Wydatki z okazji Black Friday po raz pierwszy w historii niższe niż rok wcześniej

Jak dowiadujemy się z najnowszego raportu Adobe Analytics, na zakupy online z okazji Black Friday wydaliśmy w tym roku mniej niż w ubiegłym, co zdarzyło się po raz pierwszy odkąd prowadzimy rynkowe analizy.

Black Friday, Cyber Monday czy Dzień Singla to jedne z tych dni w roku, kiedy sprzedawcy nastawiają się na największe żniwa - szczególnie z zakupów online, które w czasie pandemii koronawirusa znacznie zyskały na popularności. Jak się jednak okazuje, tegoroczny Czarny Piątek był inny niż zazwyczaj, bo po raz pierwszy w historii rynkowych pomiarów użytkownicy wydali na zakupy mniej niż w roku poprzedzającym.
I choć różnica nie jest ogromna, bo mówimy o 8,9 mld USD, podczas gdy w ubiegłym roku było to 9 mld USD, to dobrze pokazuje pewien trend.
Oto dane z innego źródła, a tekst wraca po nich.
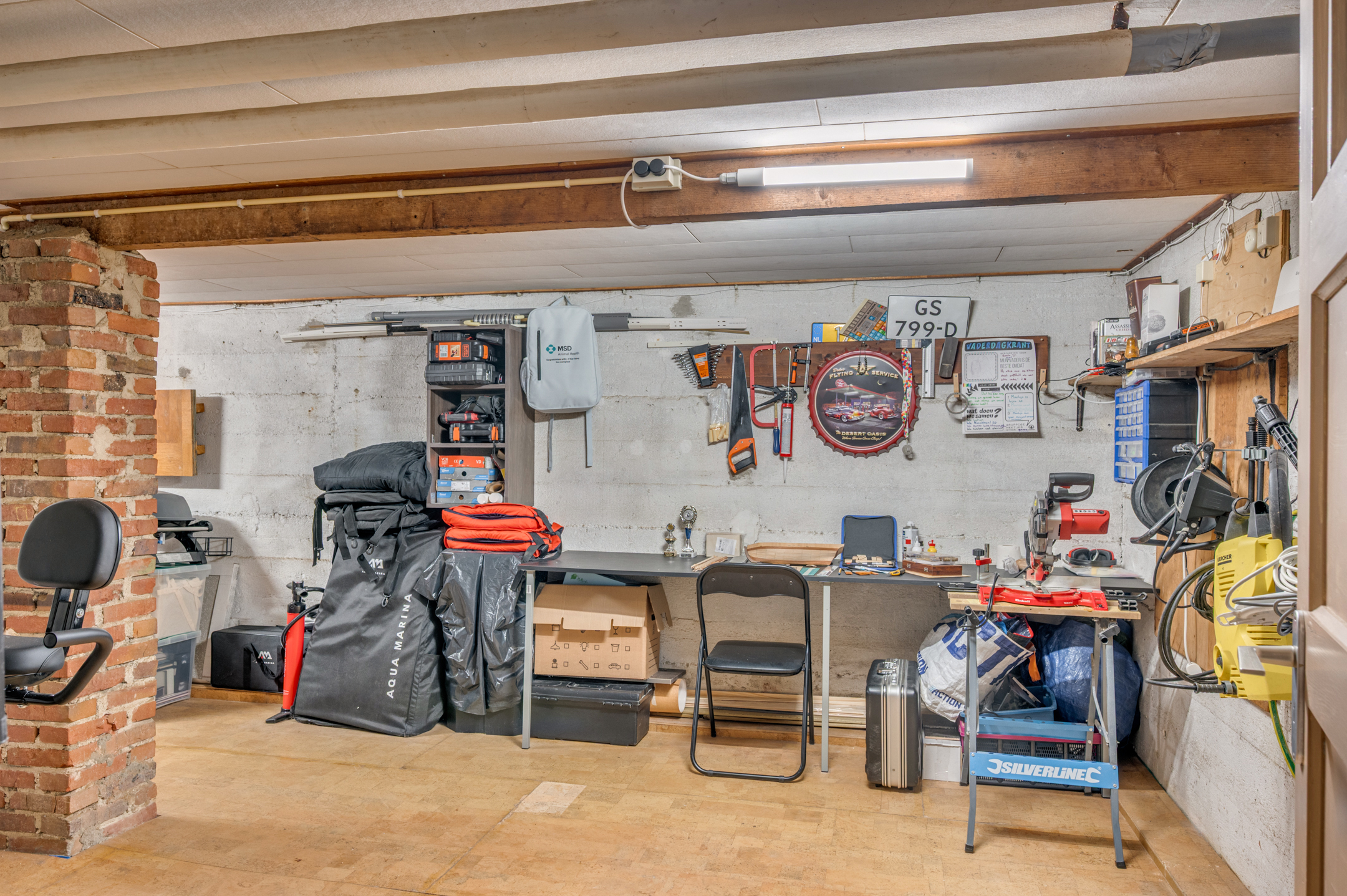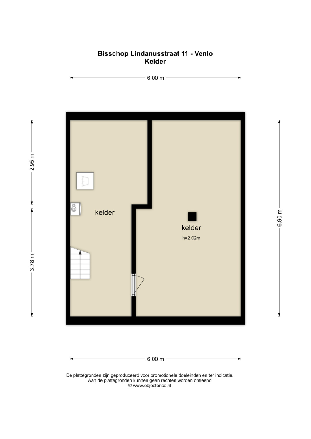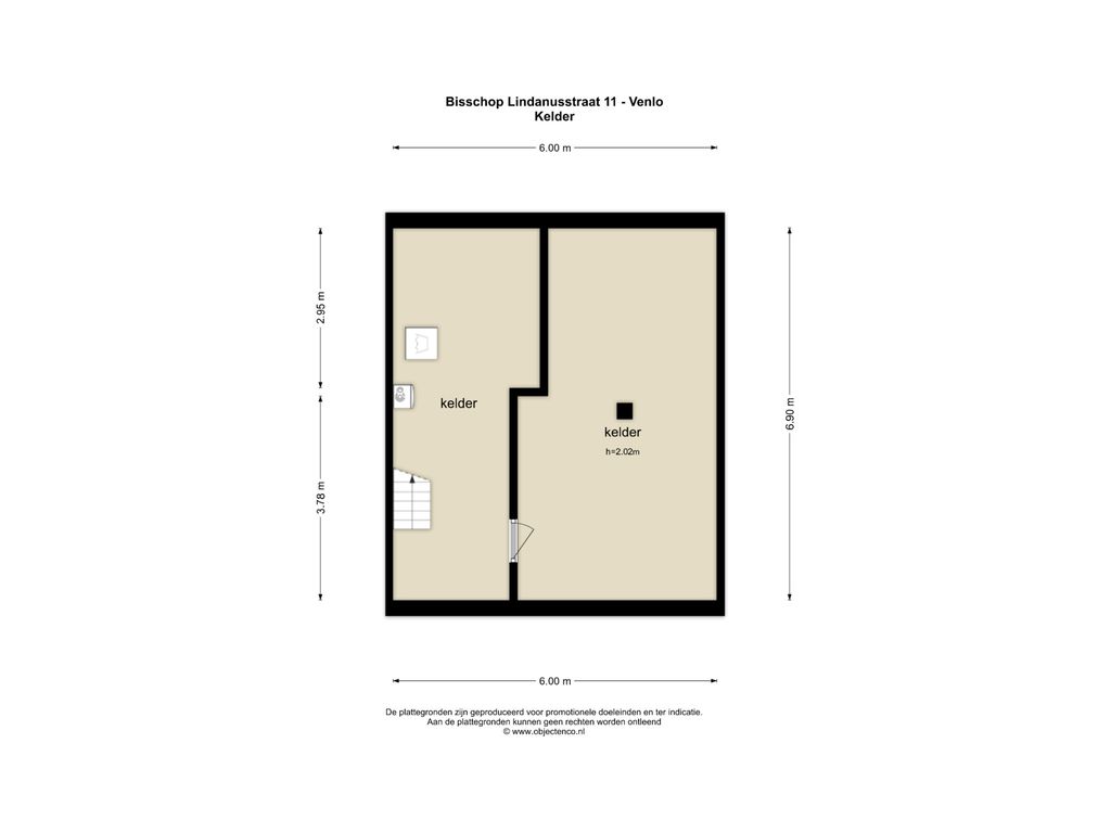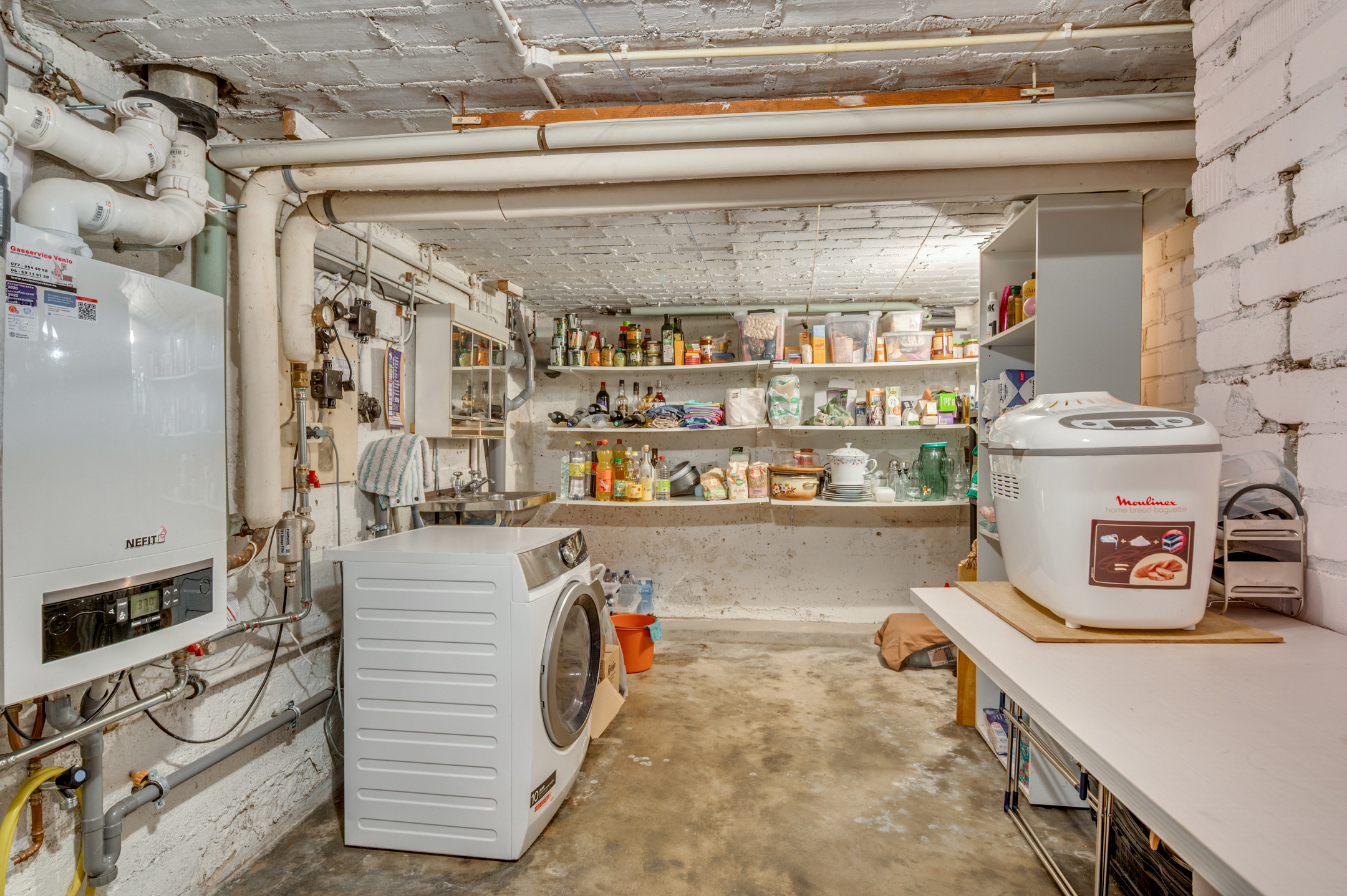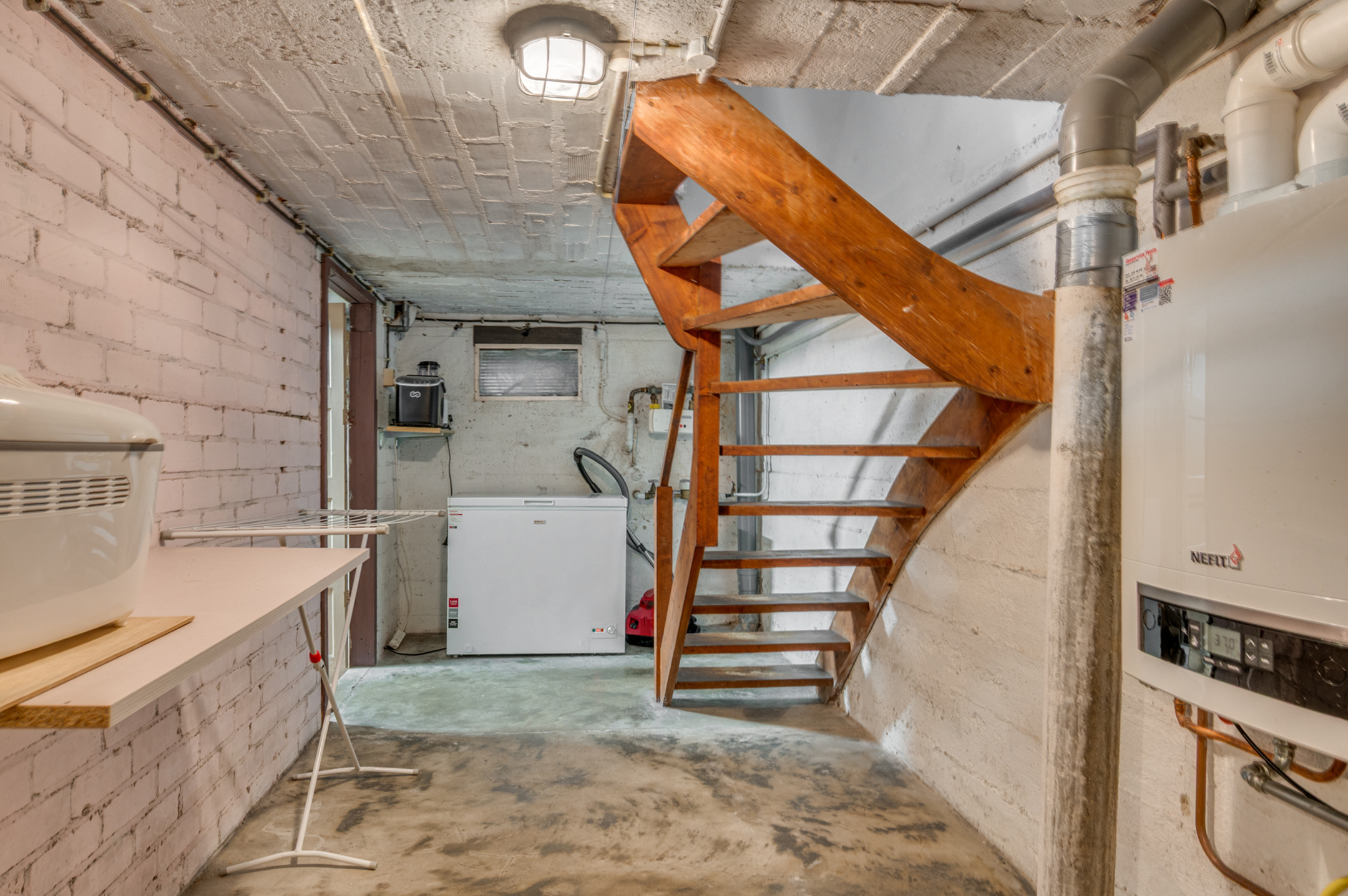 De woning is geheel onderkelderd en voorzien van 2 compartimenten. Deze ruimtes zijn verwarmd en hebben een hoogte van ca. 2 meter. Verder zijn hier de CV-ketel (Nefit 2019) en de witgoedaansluitingen te vinden.

Trudno przewidzieć, jak sytuacja będzie wyglądać w przyszłym roku, ale kryzys gospodarczy wywołany pandemią, który spowodował utratę pracy w wielu branżach, ewidentnie przyczynił się do ostrożniejszego zarządzania domowym budżetem. Do tego mamy również problemy w globalnym łańcuchu dostaw, które sprawiły, że duża część produktów była po prostu niedostępna (liczba komunikatów o braku dostępności wzrosła o 124% od stycznia 2020 roku) - wystarczy spojrzeć na karty graficzne czy konsole do gier.
Część specjalistów wskazuje również na fakt, że w tym roku ceny podczas Black Friday nie były tak okazyjne jak zazwyczaj, bo sprzedawcy również mogli pozwolić sobie na mniej, a nie bez znaczenia ma być także znaczne rozciągnięcie okresu promocji. Bo choć z Czarnym Tygodniem mamy do czynienia już od jakiegoś czasu, to w tym roku część sklepów wystartowała z promocjami już w październiku.

Po raz pierwszy w historii Black Friday przynosi odwrócenie trendu wzrostowego poprzednich lat. Kupujący zaczynają podchodzić strategicznie do swoich zakupów prezentowych, kupując upominki dużo wcześniej i stawiając na elastyczność wyboru między najlepszymi ofertami
Przy okazji potwierdzają się też opinie rynkowych specjalistów, którzy sugerowali przesiadkę zakupowiczów na smartfony, bo jak podaje Adobe aż 44,4% tegorocznych zakupów zostało wykonanych właśnie w ten sposób, co oznacza wzrost o 10,6% w stosunku do ubiegłego roku. Jeśli zaś chodzi o najpopularniejsze zakupy, to najchętniej kupowaliśmy konsolę Nintendo Switch, gogle VR Meta Quest 2 (wcześniej (Oculus Quest 2) oraz... lalki Barbie.
Co jednak ciekawe, pomimo spadkowego trendu Czarnego Piątku, analitycy wciąż sugerują rekordowe wydatki w całym okresie świątecznym (5-15% wzrost w stosunku do roku poprzedzającego). Ich zdaniem w okresie listopad-grudzień tego roku wydamy na zakupy w sieci ok. 207 mld dolarów.